───── Information supplied ─────

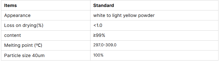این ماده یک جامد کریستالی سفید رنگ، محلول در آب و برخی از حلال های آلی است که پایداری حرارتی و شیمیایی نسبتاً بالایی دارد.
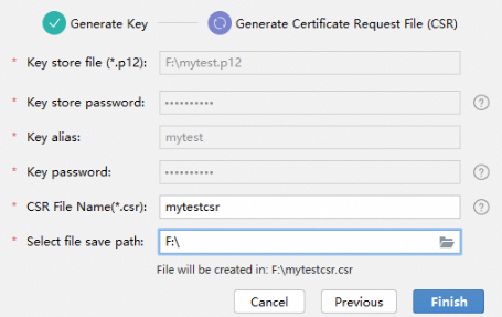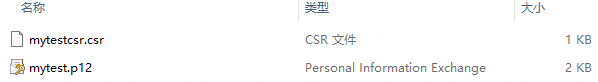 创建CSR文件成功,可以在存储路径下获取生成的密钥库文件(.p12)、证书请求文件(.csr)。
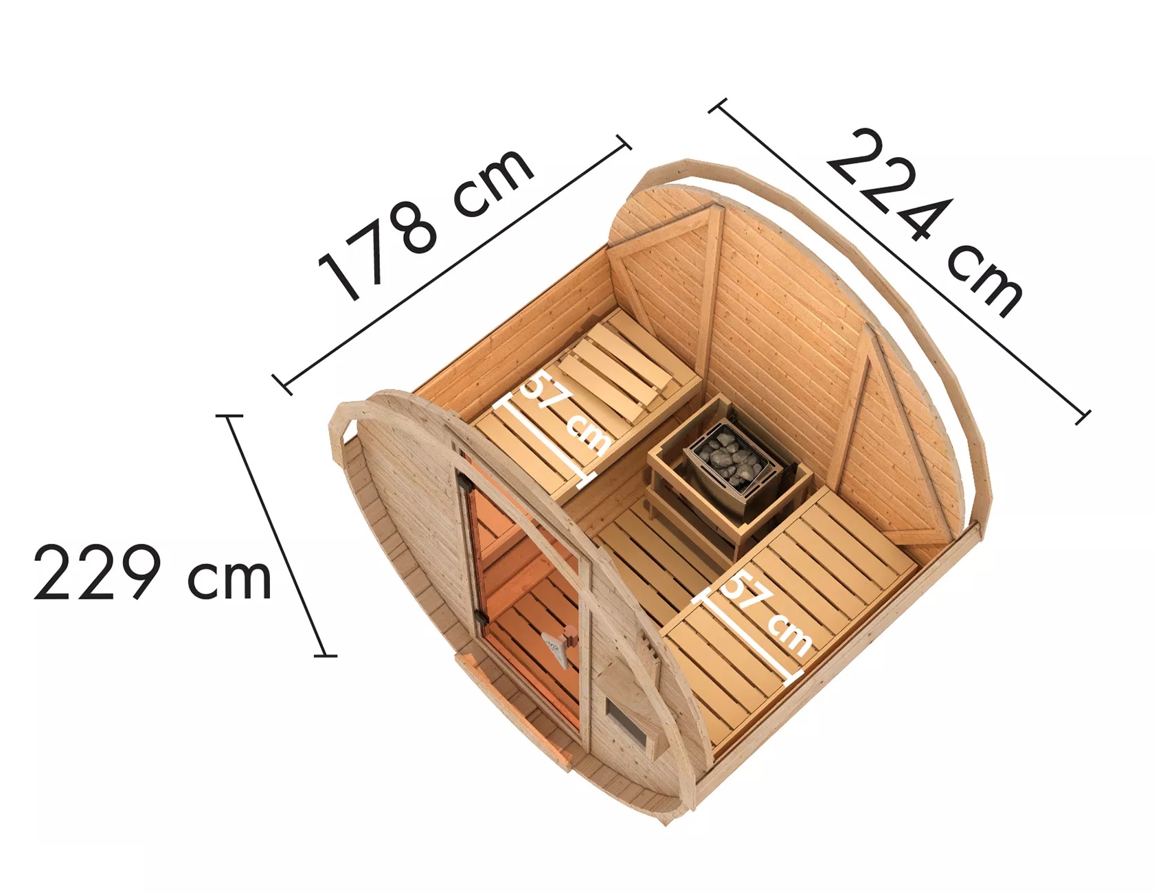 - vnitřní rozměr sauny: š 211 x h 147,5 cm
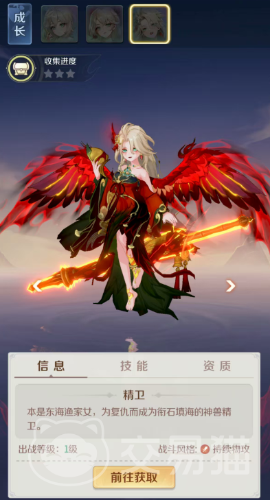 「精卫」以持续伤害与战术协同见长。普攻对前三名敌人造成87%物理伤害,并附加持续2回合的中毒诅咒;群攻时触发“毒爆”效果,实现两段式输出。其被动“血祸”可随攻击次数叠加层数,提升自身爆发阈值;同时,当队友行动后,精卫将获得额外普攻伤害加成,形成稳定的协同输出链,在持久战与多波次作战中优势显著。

─────

What you need to do:
Write out the data above precisely. Pictures stay out.

Answer section:
این ماده یک جامد کریستالی سفید رنگ، محلول در آب و برخی از حلال های آلی است که پایداری حرارتی و شیمیایی نسبتاً بالایی دارد.
 创建CSR文件成功,可以在存储路径下获取生成的密钥库文件(.p12)、证书请求文件(.csr)。
 - vnitřní rozměr sauny: š 211 x h 147,5 cm
 「精卫」以持续伤害与战术协同见长。普攻对前三名敌人造成87%物理伤害,并附加持续2回合的中毒诅咒;群攻时触发“毒爆”效果,实现两段式输出。其被动“血祸”可随攻击次数叠加层数,提升自身爆发阈值;同时,当队友行动后,精卫将获得额外普攻伤害加成,形成稳定的协同输出链,在持久战与多波次作战中优势显著。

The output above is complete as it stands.